● Exercise data
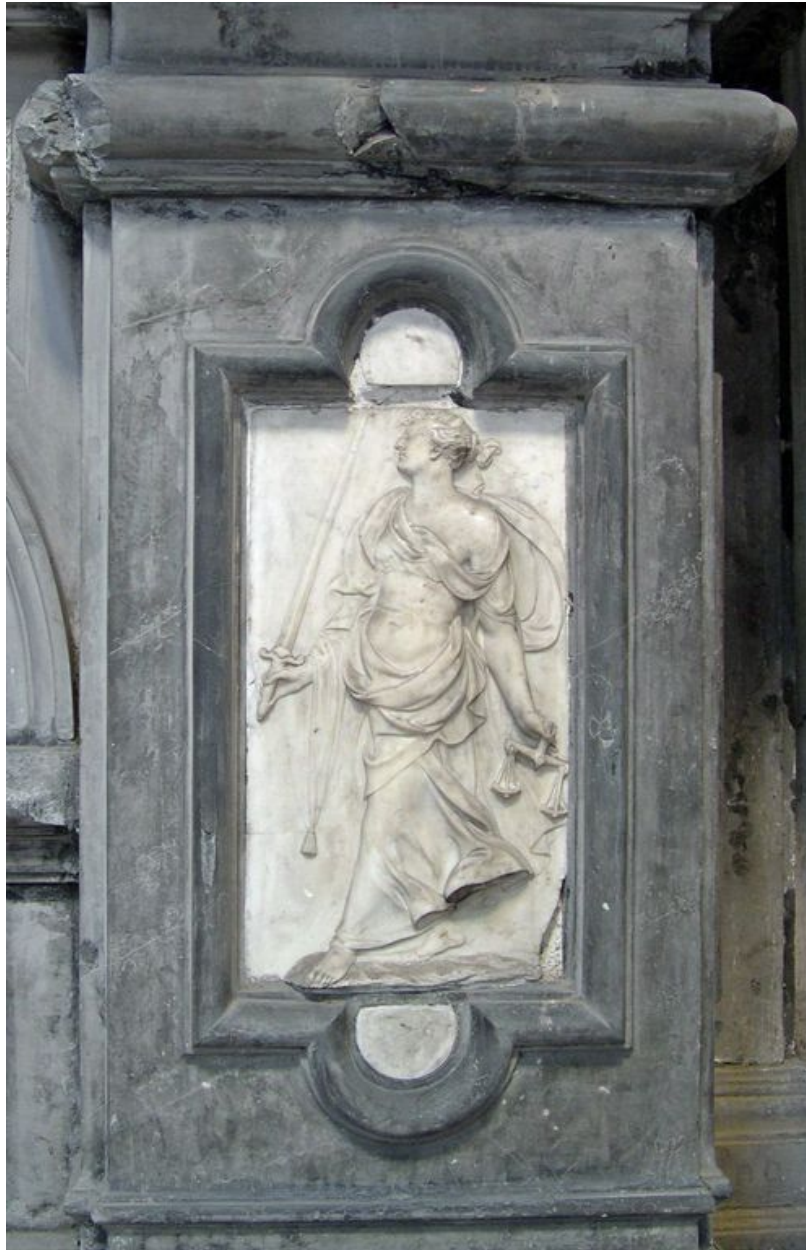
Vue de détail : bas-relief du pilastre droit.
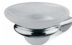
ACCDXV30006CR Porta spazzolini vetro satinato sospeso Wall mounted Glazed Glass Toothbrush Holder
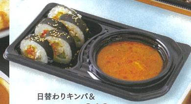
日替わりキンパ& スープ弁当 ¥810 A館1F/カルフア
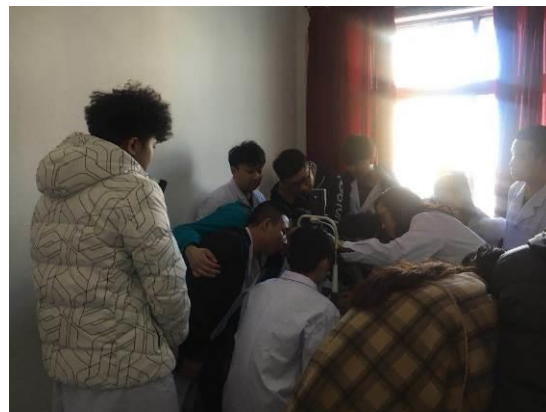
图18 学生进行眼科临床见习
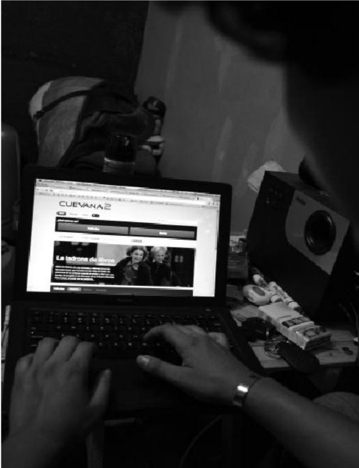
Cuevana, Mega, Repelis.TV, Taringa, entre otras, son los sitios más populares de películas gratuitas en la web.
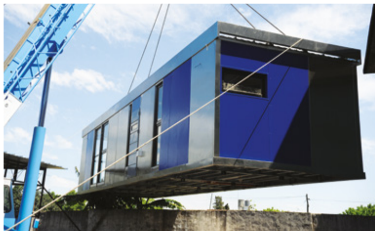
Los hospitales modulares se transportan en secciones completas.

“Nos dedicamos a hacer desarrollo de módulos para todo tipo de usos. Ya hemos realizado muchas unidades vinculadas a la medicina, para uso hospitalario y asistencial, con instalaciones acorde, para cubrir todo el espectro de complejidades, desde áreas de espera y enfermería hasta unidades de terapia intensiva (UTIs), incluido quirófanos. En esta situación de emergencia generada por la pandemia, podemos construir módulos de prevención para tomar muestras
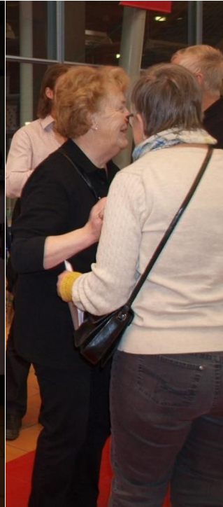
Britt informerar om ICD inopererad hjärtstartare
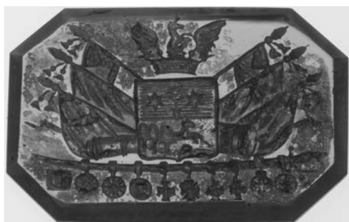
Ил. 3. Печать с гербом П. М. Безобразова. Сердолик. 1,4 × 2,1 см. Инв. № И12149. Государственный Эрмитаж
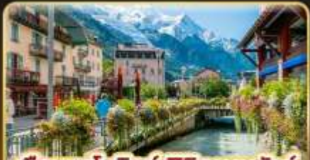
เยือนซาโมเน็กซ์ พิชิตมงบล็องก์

● Instructions to follow
In the records above, find the line containing "日替わりキンパ& スープ弁当 ¥810 A館1F/カルフア" and the line containing "Los hospitales modulares", then give both of them again word for word along with every line between. Omit any pictures.

● Written answer
日替わりキンパ& スープ弁当 ¥810 A館1F/カルフア
图18 学生进行眼科临床见习
Cuevana, Mega, Repelis.TV, Taringa, entre otras, son los sitios más populares de películas gratuitas en la web.
Los hospitales modulares se transportan en secciones completas.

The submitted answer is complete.